Congress members line up to greet
At least 13 members of the U.S. Congress would be in attendance for Prime Minister Narendra Modi’s community reception in the heart of Silicon Valley on Saturday.
They include Indian-American Representative Ami Bera and Congress’s only Hindu member Representative Tulsi Gabbard. Other heavyweights from the U.S. House of Representatives who will greet Mr. Modi and join the celebrations with 18,500 Indian-Americans include Democratic Party Leader Nancy Pelosi, and members Jim McDermott, Dana Rohrabacher, Ed Royce, Sheila Jackson-Lee, Pete Sessions, Loretta Sanchez, George Holding, Eric Swalwell, John Garamendi and Jerry McNerney.
Commenting on the broader sense of anticipation surrounding Sunday’s mega-reception, Naren Gupta and Chandru Bhambra, co-chairs of the organising group, the Indo-American Community of West Coast, said that Mr. Modi had “set an ambitious agenda for India including Smart Cities, Digital India, [and] renewable energy, [and recognised] that these goals can be achieved only through innovation and that there is no better place to see innovation at work than Silicon Valley.”
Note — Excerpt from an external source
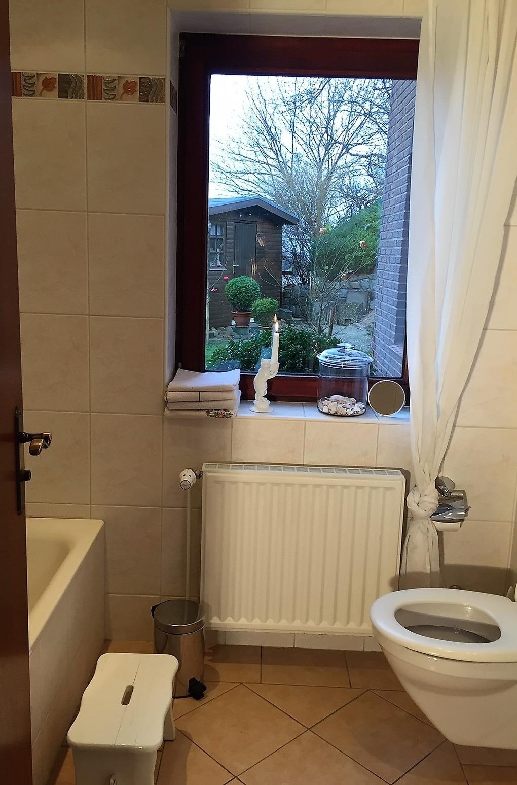 Leider ist die Wohnung nicht barrierefrei. 26 Stufen führen zum Eingang der Ferienwohnung Weitblick. Im Erdgeschoss liegen die Wohnküche, das Wohnzimmer und ein Badezimmer. Im ersten Obergeschoss befinden sich drei Schlafzimmer und ein weiteres Wannenbad.
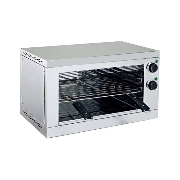 Características técnicas – Ideal para grelhar diretamente ou gratinar todo o tipo de alimentos antes de os servir. – Fabricado em aço inoxidável. – Elemento de aquecimento blindado em aço inoxidável. – Indicador luminoso de funcionamento. – Grelhador amovível e regulável com 2 níveis de cozedura. – Gaveta de recolha de migalhas. – Regulador de potência.

Indeed the Prime Minister’s tightly-packed agenda while on this leg of his U.S. tour includes a visit to Tesla Motors to discuss their battery technology for the storage of solar energy, Indian government officials said, and the similar theme of clean energy will find echoes in a conversation that the Indian side will conduct with U.S. Energy Secretary Ernest Moniz at a roundtable organised on Sunday by the U.S. Department of Commerce and Stanford University.
Some voices of protests appeared to gather steam even as the excitement for Mr. Modi’s welcome grew.
The Alliance for Justice and Accountability announced on Saturday that it would organise a protest rally in close proximity of the SAP Centre as the celebrations continued inside, and in a press statement said, “AJA members will be sharing inconvenient facts about Modi's record that his PR team wants to hide — on the environment, religious rights, civil rights, women's rights, LGBTQ equality, the safety of Dalit and adivasi communities, and beyond.”
Over the past week AJA has also been running a billboard initiative as part of its “#ModiFail campaign,” in a bid to “raise public awareness about [Mr.] Modi and his administration's attacks on personal freedoms and human rights in India.”
Numerous billboards were visible from in the Bay Area locales of Oakland, Daly City, Hayward, Newark, Milpitas, and Santa Clara, which AJA members said call attention to Mr. Modi’s “most egregious failures during his 16 months in office as Prime Minister.”